When comparing Kegel exercises to other pelvic floor exercises, such as anal sphincter exercises or other forms of pelvic rehabilitation, Kegel exercises are often considered easier to learn and perform. They can be done discreetly, without the need for special equipment, and can be incorporated into daily routines. The key to effective Kegel exercises is to ensure that the correct muscles are being targeted. To perform a Kegel exercise, one should:
1. Identify the right muscles: The easiest way to locate the pelvic floor muscles is to try to stop urination midstream. The muscles you use to do this are the ones you want to strengthen.

2. Contract the muscles: Tighten the pelvic floor muscles and hold the contraction for about 5 seconds.

3. Relax: Release the contraction and rest for 5 seconds.

4. Repeat: Aim for 10-15 repetitions, three times a day.

It's important to note that while Kegel exercises can be beneficial, they may not be suitable for everyone. Individuals with certain medical conditions or those who have undergone specific surgeries should consult with a healthcare provider or a pelvic floor specialist before starting any exercise regimen.
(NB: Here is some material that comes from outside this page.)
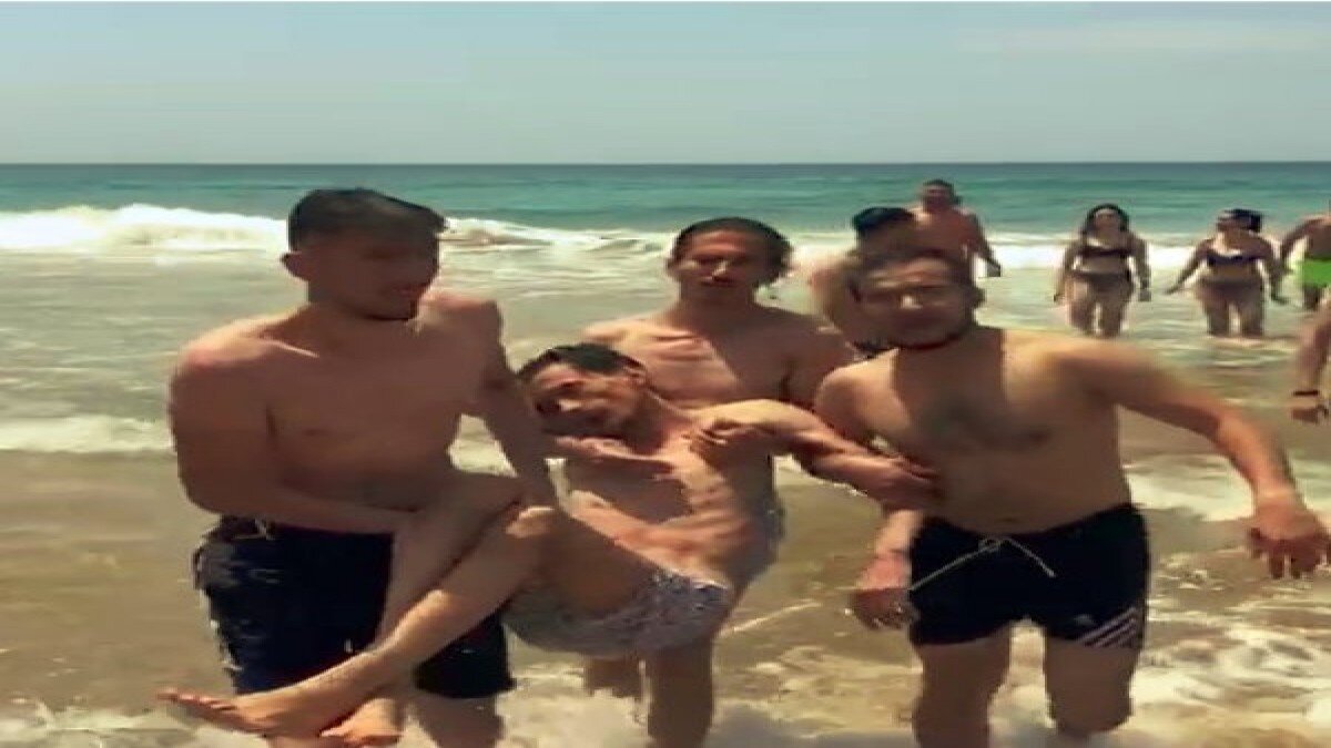 Diğer taraftan, yine dalgaların arasında su yutan başka bir genç de arkadaşları tarafından sahile çıkartıldı.
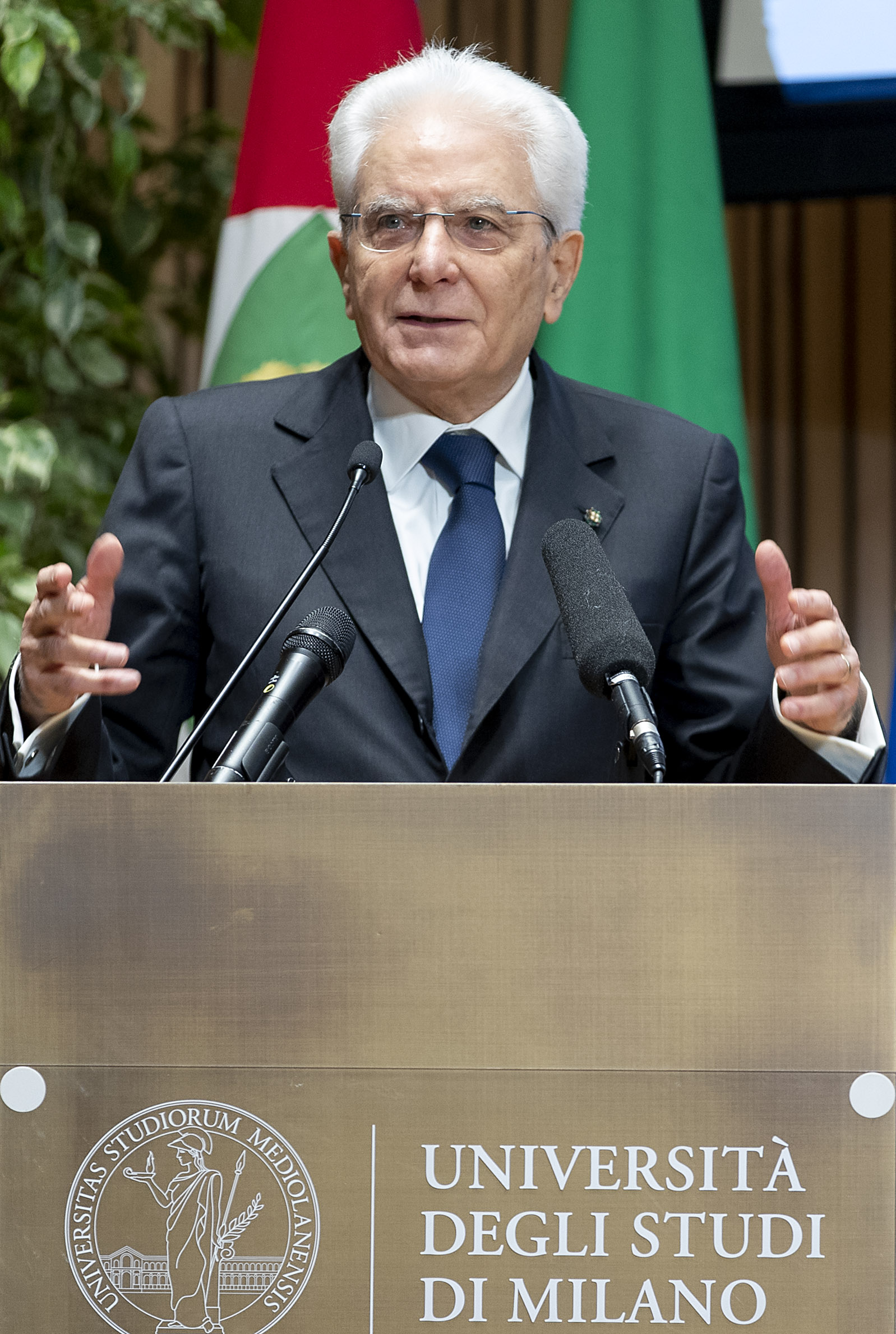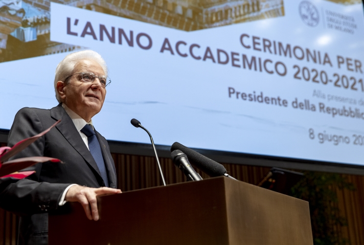 Il Presidente Sergio Mattarella nel corso della cerimonia per l’anno accademico 2020-2021 dell’Università degli Studi di Milano

A thorough evaluation by a healthcare professional can help determine the most appropriate exercises and treatment options based on individual needs.

In addition to Kegel exercises, other strategies may be recommended to improve anal strength and function. These can include biofeedback therapy, which helps individuals learn to control their pelvic floor muscles more effectively, and lifestyle modifications such as dietary changes to promote regular bowel movements and avoid constipation.

In conclusion, Kegel exercises can be a valuable tool in improving anal weakness and enhancing pelvic floor strength. They are generally easy to learn and can be performed in various settings. However, it is crucial to ensure that the exercises are done correctly and to seek professional guidance if there are any concerns about technique or underlying medical conditions. Regular practice, combined with a comprehensive approach to pelvic health, can lead to significant improvements in anal function and overall quality of life.